Use Cases
Description | User stories that provide a high level view of ICAM business processes. |
Audience | ICAM Enterprise Architects; Business line and/or unit managers |
The diagram below is intended to provide an overview of ICAM business processes and help you navigate the use cases found on subsequent pages. The diagram splits into two main processes - those for users whose information is stored by the agency, such as for its employees and contractors, and those whose information is managed externally and is leveraged through a federated process. At the bottom of the page is a list of common business processes, or use cases, encountered in the ICAM environment. Although the diagram shows the processes in a left-to-right, linear way, the important aspect is that the processes performed in one area are leveraged and built upon in the others. Each node of the diagram ties to one of the use cases listed below.
Each use case includes a high level summary of the scenario, illustrations that depict the required steps to achieve the end goal, conditions that should be met before and as a result of the use case, individuals and systems involved in the use case, and an indication of the high-level area (Identity, Credential, or Access Management) and specific service with which the use case most closely aligns.

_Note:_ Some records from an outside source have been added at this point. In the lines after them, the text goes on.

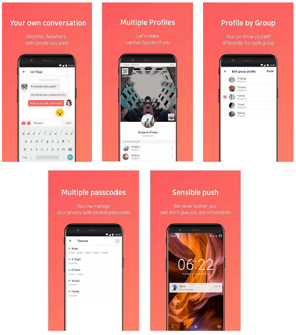 | 청구항 1 메신저 서비스 제공 서버에서 실행되는 메신저 서비스 제공 방법에 있어서, 사용자 단말로부터 이메일 계정 및 비밀번호를 입력받아 상기 사용자 단말을 등록하는 단계; 상기 사용자 단말로부터 적어도 하나의 프로필을 생성하는 다중 프로필 생성 이벤트를 수신하는 단계; 상기 다중 프로필 생성 이벤트에 포함된 프로필 사진, 및 프로필 이름을 지정받고, 상기 프로필이 노출될 그룹을 디폴트로 설정하는 단계; 상기 사용자 단말로부터 상기 생성된 다중 프로필 중 어느 하나의 프로필이 노출될 그룹을 연락처를 통하여 입력받아 그룹을 생성하는 단계; 상기 생성된 그룹에 상기 어느 하나의 프로필을 매핑하여 상기 디폴트로 설정된 그룹을 업데이트하는 단계; 상기 생성된 그룹의 메세지를 활성화할 패스코드를 상기 사용자 단말로부터 입력받아 상기 생성된 그룹과 매핑되도록 저장하는 단계; 상기 사용자 단말로부터 복수의 그룹별로 알람표시 시간 및 장소를 설정받는 단계; 상기 알람표시 시간 또는 장소 이외의 시간 또는 장소에서 상기 복수의 그룹별 메세지가 발생하는 경우, 상기 사용자 단말로 상기 그룹별 메세지를 전송하지 않도록 상기 메신저 서비스 제공 서버단에서 상기 발생된 메세지를 홀딩하는 단계; 상기 알람표시 시간 또는 장소와 일치하는 시간 또는 장소인 경우, 상기 홀딩한 그룹별 메세지를 상기 사용자 단말로 전송하는 단계; 및 상기 사용자 단말로부터 생성된 그룹이 선택되고 상기 생성된 그룹과 매핑되어 저장된 패스코드가 입력되는 경우, 상기 생성된 그룹 내에서 발생된 메세지를 활성화하여 포어그라운드 모드로 출력하는 단계; 를 포함하고, 상기 그룹 내에서 발생한 메세지에 포함된 텍스트는, OS(Operating System)의 메세지 애플리케이션에서 수신만 하는 상태로 백그라운드 모드로 출력되어 상기 사용자 단말의 알림에 표시되지 않고, 상기 사용자 단말에 저장된 연락처로 메신저 연동을 수행하지 않고, 다른 사용자 단말에서 상기 사용자 단말을 추가하는 경우, 또는 사용자 단말에서 다른 사용자 단말을 추가하는 경우, 위치가 동일할 것을 조건으로 아이디 입력, QR 코드 스캔이 된 경우 추가가 가능하고, 상기 사용자 단말에서 복수의 그룹을 설정하는 경우, 각 그룹은 동등한 레벨을 가진 2진 트리형 또는 하나의 그룹 내의 하위 레벨을 가지는 복수의 그룹을 포함하고, 상기 하위 레벨을 가지는 각 하위 그룹에 공통적으로 적용하는 사항과, 각 하위 그룹별로 나누어 적용하는 사항이 각각 분리되는 것인, 다중 프로필 및 지정 그룹채팅 호출을 이용한 메신저 서비스 제공 방법. 청구항 10 제 1 항, 제 3 항, 제 5 항, 제 6 항, 제 8 항 및 제 9 항 중 어느 한 항의 방법을 실행하기 위하여 매체에 저장된 애플리케이션. |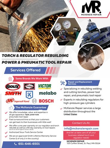 We repair Regulators, Torches, Electric and Pneumatic Tools, Kurt vise's,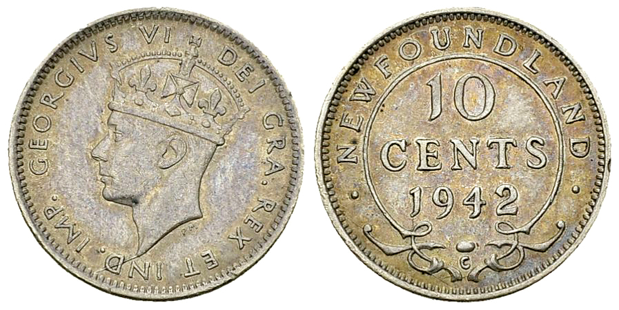 Canada. Newfoundland. AR 10 Cents 1942 (2.34 g). KM 20.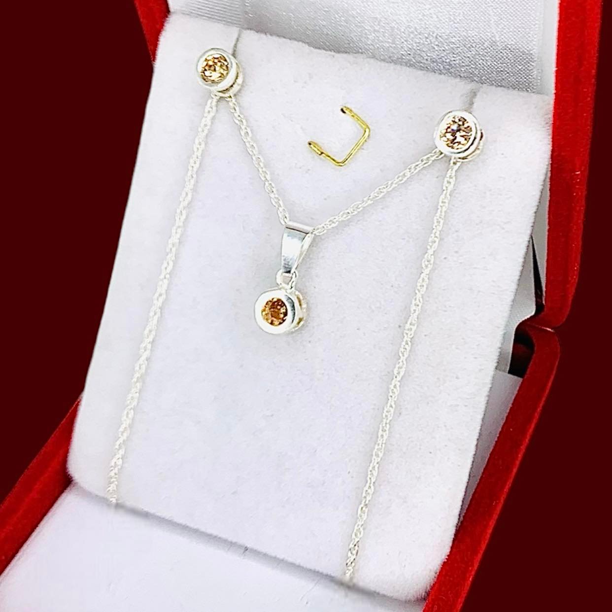 Artículo: KIT 140-5Conjunto Cadena Dije y Aro Susanita Cubic Ambar de Plata 925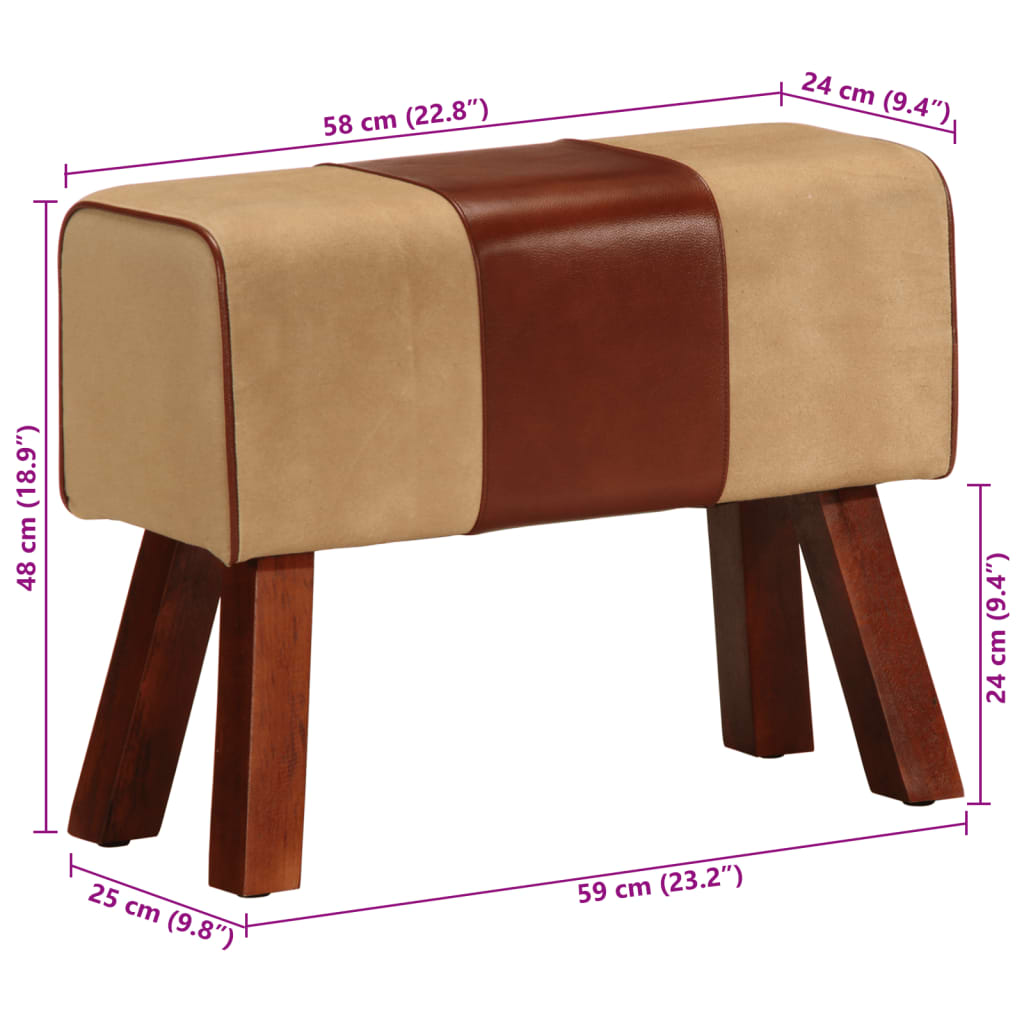 Panca da Palestra 58 cm Vera Pelle Marrone e Massello di Mango 320785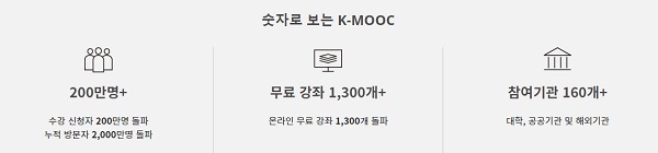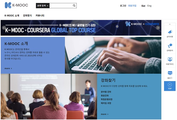 [일간환경연합 한선미 기자]세계 최고 수준의 지식과 경험을 공유할 수 있는 ‘케이무크(K-MOOC)’는 대학·기관의 우수한 온라인 강좌를 누구나 언제 어디서든 무료로 수강할 수 있는 한국형 온라인 공개강좌다.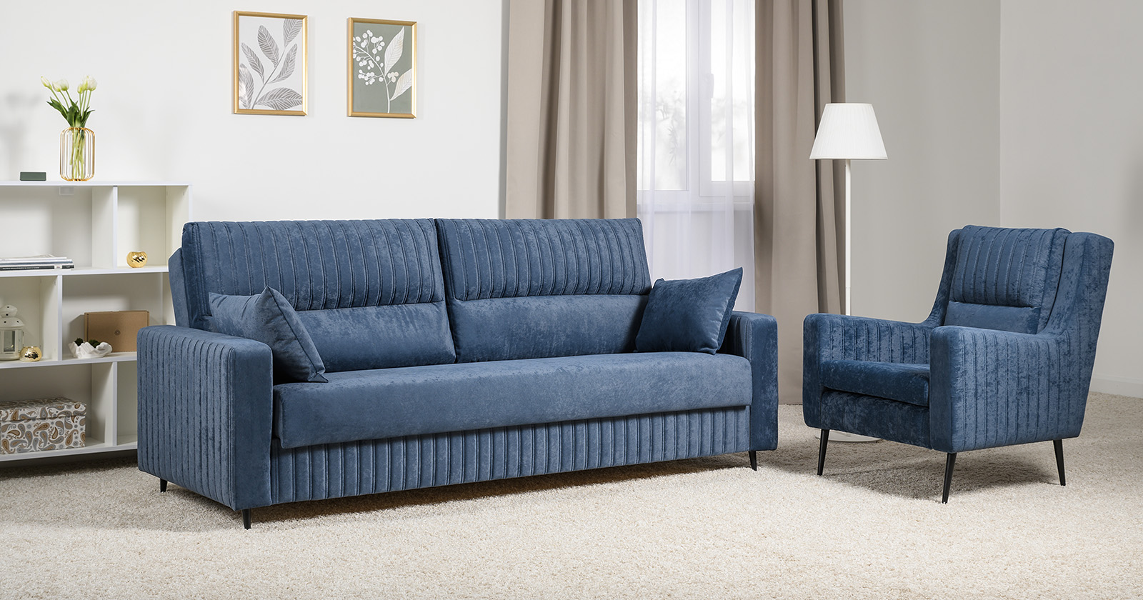 Диван-кровать прямой Изабель ТД 739 велюр Романс нейви темно-синий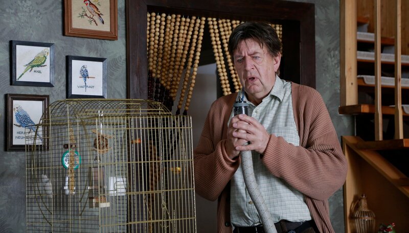 Hubert Lotzmann (Jörg Gudzuhn) hofft auf einen Piep von „Herrn Neumann“, dem geliebten Wellensittich seiner Frau.Bild: © ARD Degeto/Dennis Pauls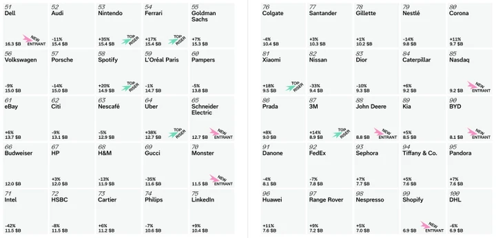 Parlando strettamente del settore automotive, nel rapporto si evidenziano le sfide che sta affrontando il mercato automotive in questa fase di transizione verso la mobilità elettrica. In ogni caso, le case automobilistiche continuano ad essere protagoniste di questa speciale classifica anche se in alcuni casi si sono registrati dei cali. Di Toyota abbiamo già detto che si trova al sesto posto. Al decimo c’è invece Mercedes anche se con un valore in calo del 15%. BMW la troviamo in posizione numero 14 anche lei con un calo del valore del 10%. In posizione numero 25 troviamo Tesla il cui valore del marchio è crollato addirittura del 35% a causa della crescente concorrenza nel segmento dei veicoli elettrici e delle problematiche che sta affrontando. Lo scorso anno in questa classifica si trovava al dodicesimo posto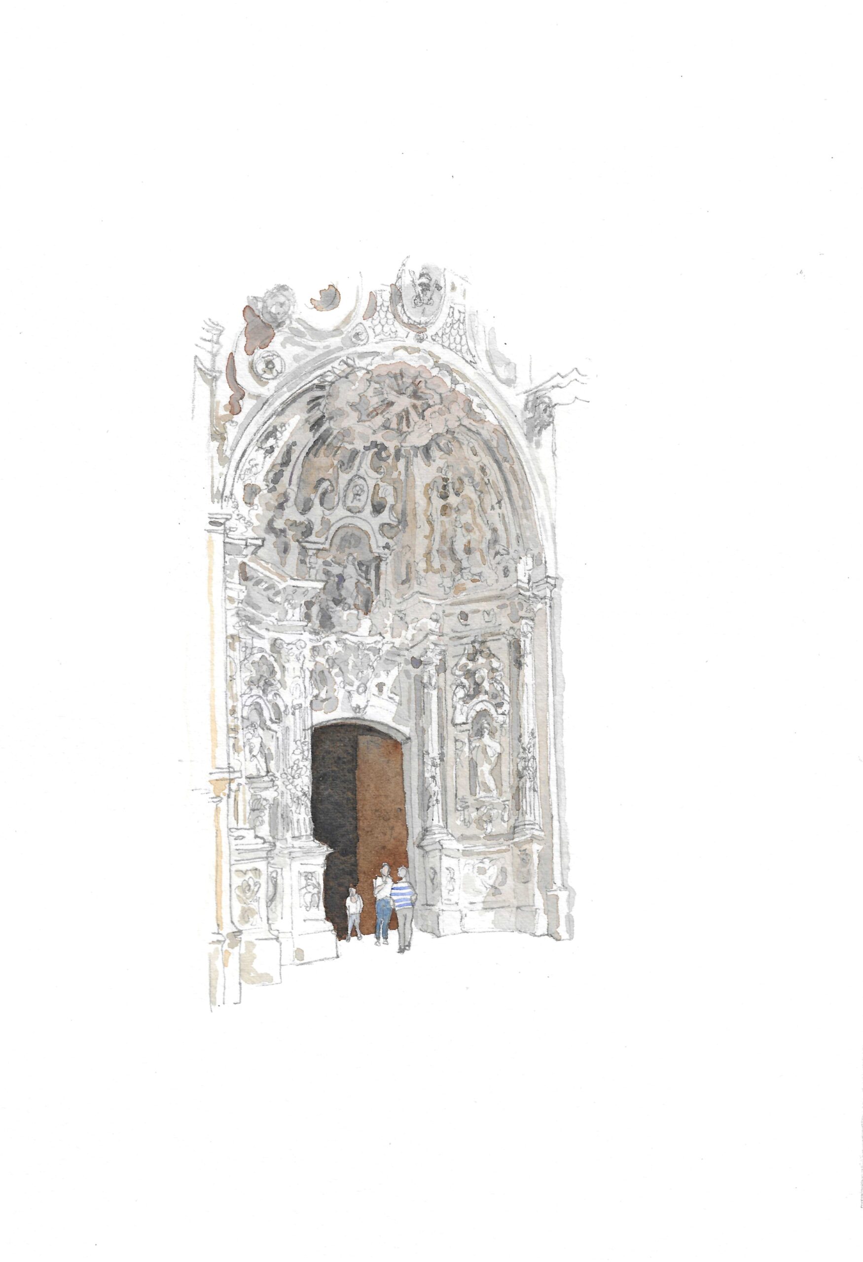 Basílica de Santa María del Coro. Acuarela sobre papel, original de Elena Ciordia.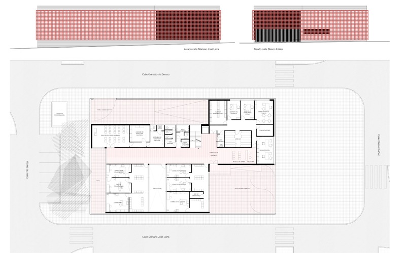 Se construyen dos plantas y un sótano iluminado por los patios que llegan hasta él, y en las de atención al público presentan dos zonas claramente diferenciadas y unidas por el vestíbulo que les hace de charnela: los usos asistenciales de mayor superficie en el sentido de la mayor dimensión a la izquierda del acceso, y los generales ocupando el fondo del vestíbulo.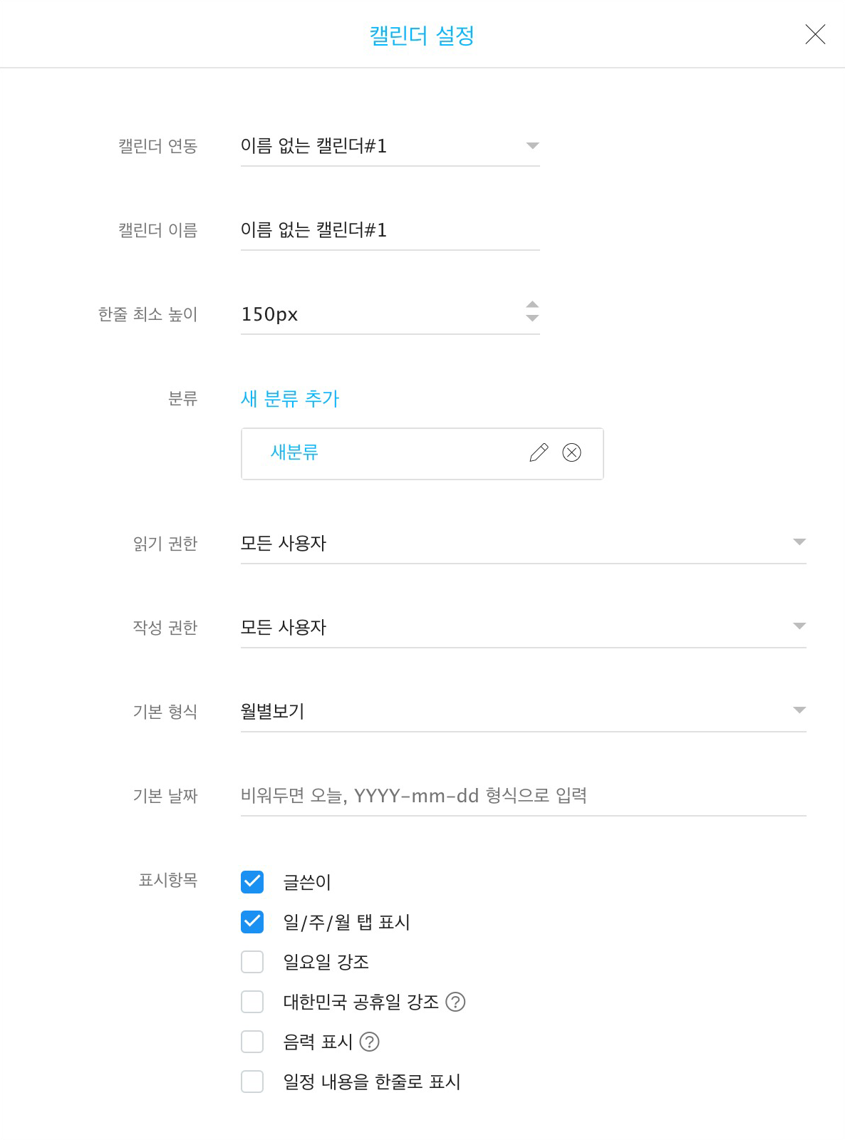 읽기 권한 / 작성 권한: 캘린더를 읽고 작성할 수 있는 권한을 설정합니다.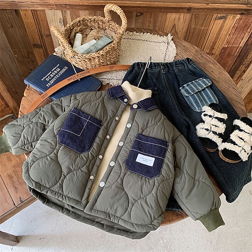 4 anni Ragazzi Giacca in piuma Giacca da esterno Capispalla Blocco di colori Manica Lunga Bottoni Tenere al caldo Cappotto All'aperto Quotidiano Essenziale Nero Verde militare Autunno Inverno Dai 4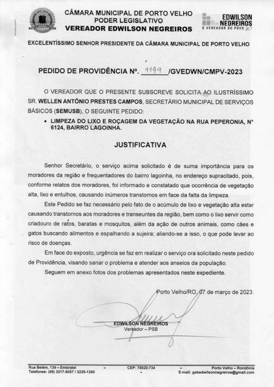 O vereador Edwilson Negreiros, do PSB, enviou um Pedido de Providência à titular da pasta municipal de Serviços Básicos (SEMUSB), Wellen Antônio Prestes Campos, solicitando a realização de serviços de limpeza de lixo e roçagem da vegetação em um trecho específico da Rua Peperonia, localizada no Bairro Lagoinha, zona Leste da capital.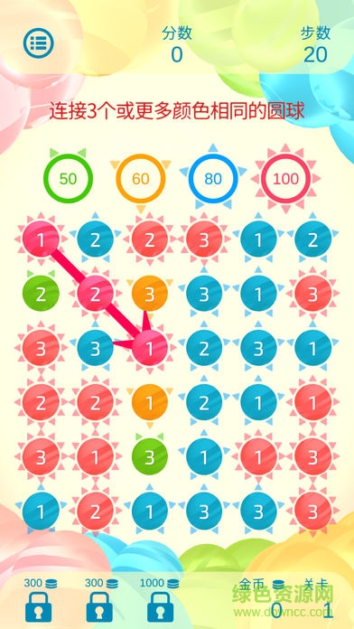 玩家可以自由连接圆球:垂直、水平或对角线。尽管游戏规则很简单,玩家只需要连接3个或更多相同颜色和数字的圆球,但Dual Match 3的独特之处在于不同的连接路径会导致分数大不相同。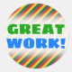 This sticker design features a pattern of stripes (lines) coloured yellow, green and red. These colours were inspired by those of the national flag of Lithuania. This could be a great gift for somebody from Lithuania, or perhaps for somebody who just really likes the country of Lithuania or Lithuanian culture. It also features the motivational saying "GREAT WORK!" in green and blue coloured text. Stickers like these could perhaps be used by a teacher, an educator or a tutor to acknowledge encourage a student who has done well on a test, quiz, paper, project, or some other academic assignment. [~Z0000117]

While each use case describes a particular ICAM business process, the use cases are highly interrelated. The activities and technologies represented in the use cases have been generalized to maximize applicability across agencies. Many lower level functions and process details that may be more agency-specific are not addressed in this architecture, as agencies are expected to perform a separate analysis on their systems and processes to achieve the appropriate alignment with the broader use cases. The ICAM use cases can be interwoven or built upon to support specific agency use case scenarios.
List of FICAM Use Cases
- 1. Create and Maintain an Identity
- 2. Proof an Identity at Level of Assurance 2
- 3. Proof an Identity at Level of Assurance 3
- 4. Proof an Identity at Level of Assurance 4
- 5. Resolve an Identity Internal to an Agency
- 6. Create and Issue Level of Assurance 2 Credential
- 7. Create and Issue Level of Assurance 3 Credential
- 8. Create and Issue Level of Assurance 4 Credential
- 9. Create and Issue Derived PIV
- 10. Maintain Credential - Reset
- 11. Maintain Credential - Renew
- 12. Maintain Credential - Revoke
- 13. Administer Digital Access Policies
- 14. Manage Entitlements
- 15. Grant Access to a Protected Resource
- 16. Authenticate a User
- 17. Authorize Access - Static
- 18. Authorize Access - Dynamic
- 19. Exchange Attributes in a Federation
- 20. Accept Credentials in a Federation
Background & Key Revisions
In order to simplify the existing use cases, an emphasis has been placed on graphics, rather than long, descriptive text. Focus has also been shifted from current state processes to the target-state environment. The scope of the use cases has been limited by removing those that were out of scope, combining similar concepts, and adding or expanding cases to cover gaps, such as federation, common access models, and process differences related to LOA.